Learn what Google Zanzibar is, how to implement it, and how it compares to other authorization technologies.

Learn what Google Zanzibar is, how to implement it, and how it compares to other authorization technologies.


If you've done any research on authorization systems, you've likely come across Google's “consistent, global authorization system” known as Zanzibar

The system is particularly notable for providing a way to handle "relationship-based access control" (ReBAC), which extends traditional role-based access control (RBAC) and attribute-based access control (ABAC) models by considering the relationships between entities (like user-to-user or user-to-resource) as part of the access control decisions.

In this article, we’ll discuss Google Zanzibar in depth, how to implement it, and how it compares to other authentication technologies.

Why Google Zanzibar?

Authorization and access control, particularly in web applications, is not a new concept. Nearly every programming language or framework has built-in or third-party libraries to help with implementing authorization and access control. So why did Google decide to build Zanzibar from scratch?

Fine-grained authorization

Google's products are heavily ingrained in users' lives (e.g., email, calendar, maps, photos), so privately and accurately managing access at all layers is central to protecting user data and ensuring a great user experience. 

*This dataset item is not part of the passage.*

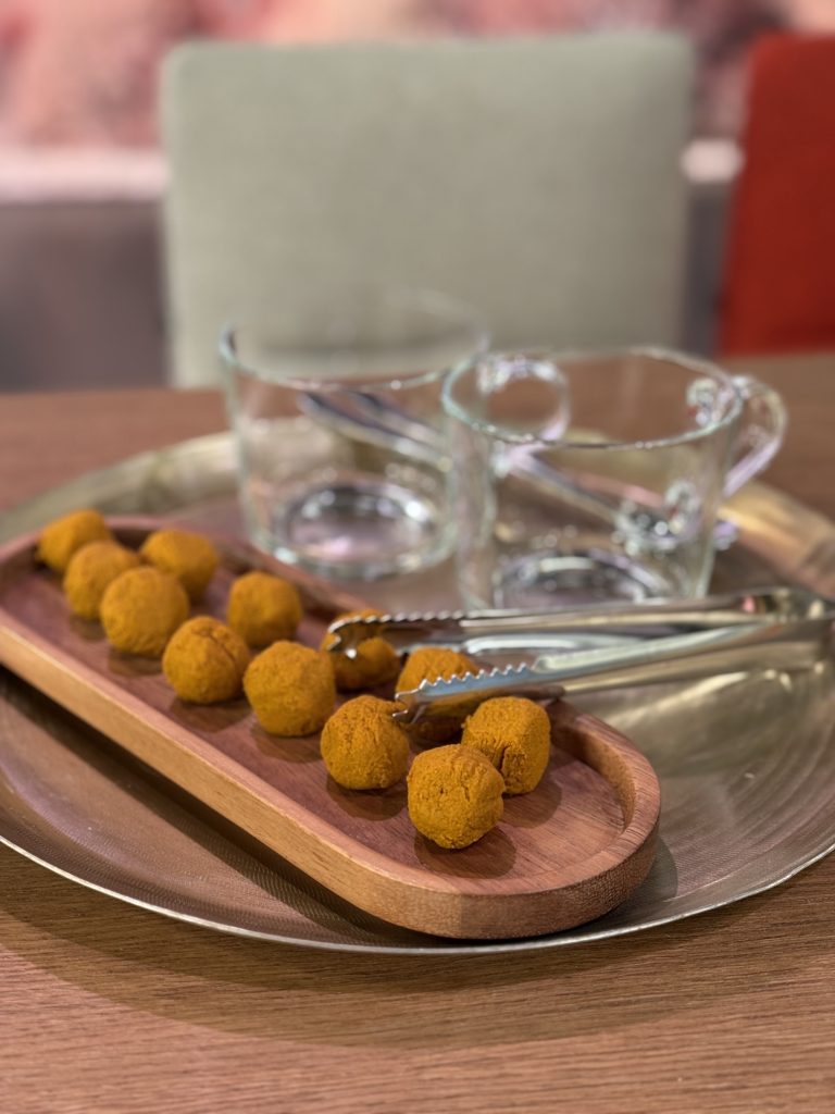 Ja, die Bällchen sind (fast) Kurkuma pur. Ich habe noch etwas Zimt und Pfeffer ergänzt, aber ansonsten ist es wirklich nur Kurkuma und Wasser. Der Trick ist, den Kurkuma in Wasser aufzukochen und quellen zu lassen. Es wird dann eine richtige Paste und die kann man formen.

For such consumer use cases, traditional, coarse-grained access control methods like role-based access control (RBAC) don't work. Expressing access control rules such as 'user:alice can manage calendar-invite:eng-team-standup' (Calendar) or 'user:bob can edit document:readme' (Docs) requires resource or object-level fine-grained authorization (FGA). And at Google’s scale, this means trillions of access rules, necessitating the need for a system that can manage and serve all of them.

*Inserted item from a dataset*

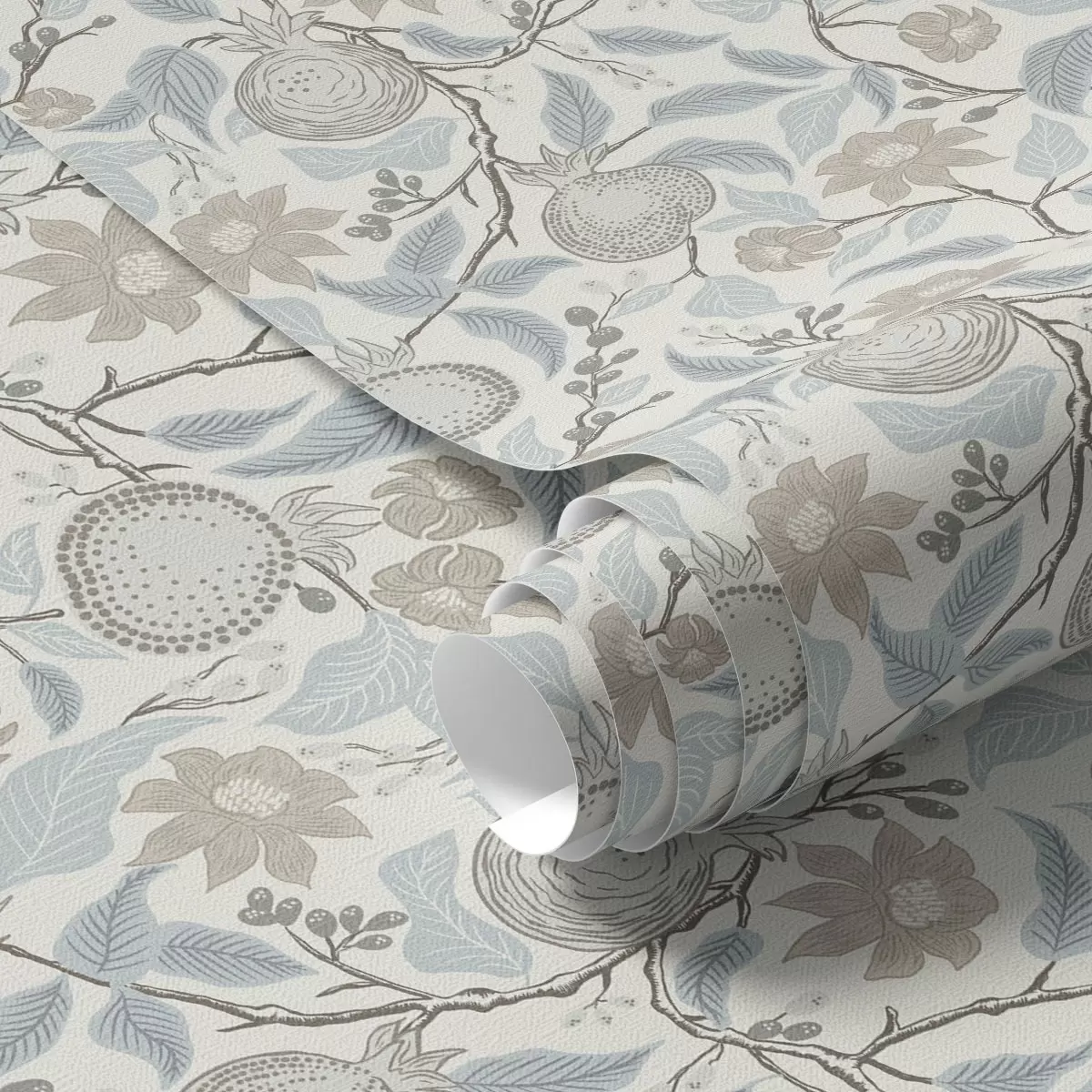 Tapet Rodie atenuată și ramuri de flori în stil vintage Nr. a00383

Centralized & scalable authorization

From the onset, Google realized that its product teams needed a centralized, fine-grained authorization service. 

For one, the cost overhead of implementing and maintaining the same authorization logic within each product (e.g., Maps, Docs, Photo, YouTube) didn't make financial sense.

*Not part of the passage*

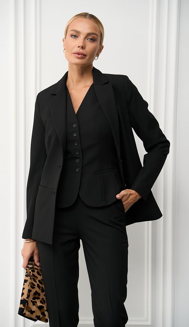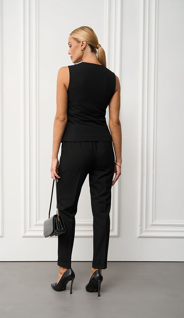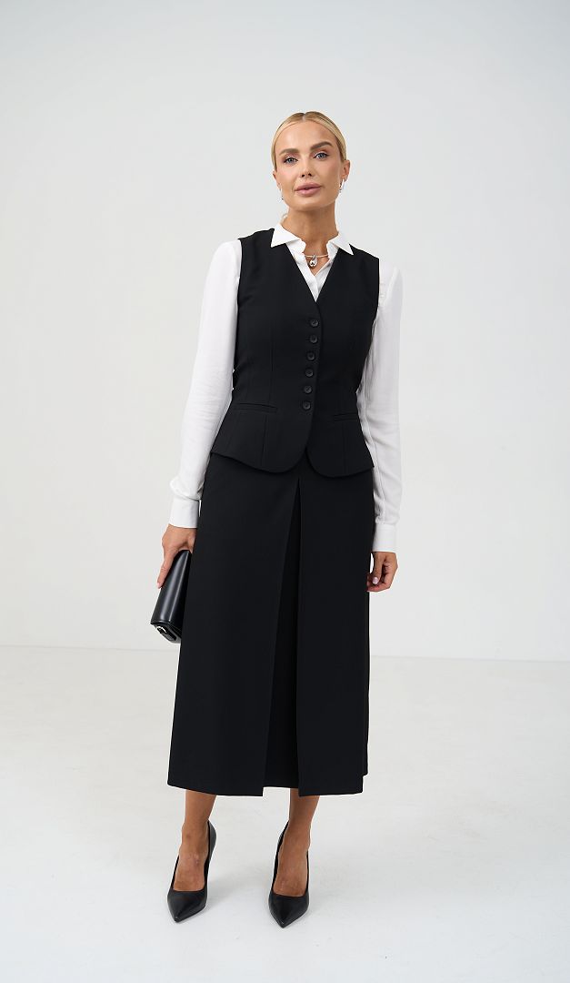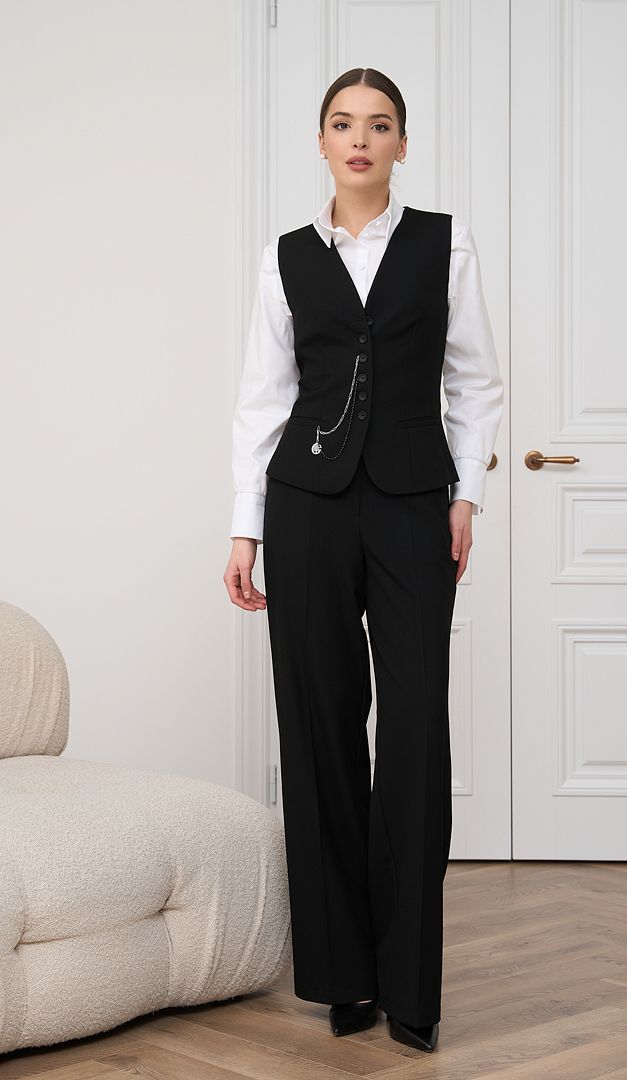 На фото створено луки з штанами прямими чорними (арт.2838) і блузкою базовою білою (арт.4007), спідницею трапеція міді чорною (арт.2738) і блузкою Кліко (арт.1517) та брюками завуженими чорними (арт.2387) і жакетом базовим чорним (арт.2389).

More importantly, multiple implementations would dramatically increase the chances of bugs and security holes. For these reasons, Google opted to take on the challenge of building and scaling a centralized authorization system that each of its product teams could rely on for consistent authorization logic.

Key concepts

The Google Zanzibar paper does a great job of detailing Google's implementation and the many specific enhancements they have made over the years to get Zanzibar to scale to trillions of rules and millions of requests per second. 

Here are a few key high-level core concepts within Zanzibar:

Namespace configurations

Zanzibar introduces the concept of "namespaces," which are essentially schemas defining different types of objects and the relations that can exist between them. Each namespace configuration specifies:

  • Object types: Like documents, images, or projects.
  • Relation types: Such as "owner," "viewer," or "editor," define how users or other objects can interact with the objects.

The key concept in Zanzibar: Relation tuples

The most important concept to understand within Zanzibar is the 'relation tuple.' A relation tuple is simply a representation of a specific rule or ACL within Zanzibar. The basic format for a relation tuple is: <object>#<relation>@<user> 

  1. An object (like documents, images, or projects)
  2. A relation (defining how users or other objects can interact with objects)
  3. A subject (represents the user or identity that is requesting access.).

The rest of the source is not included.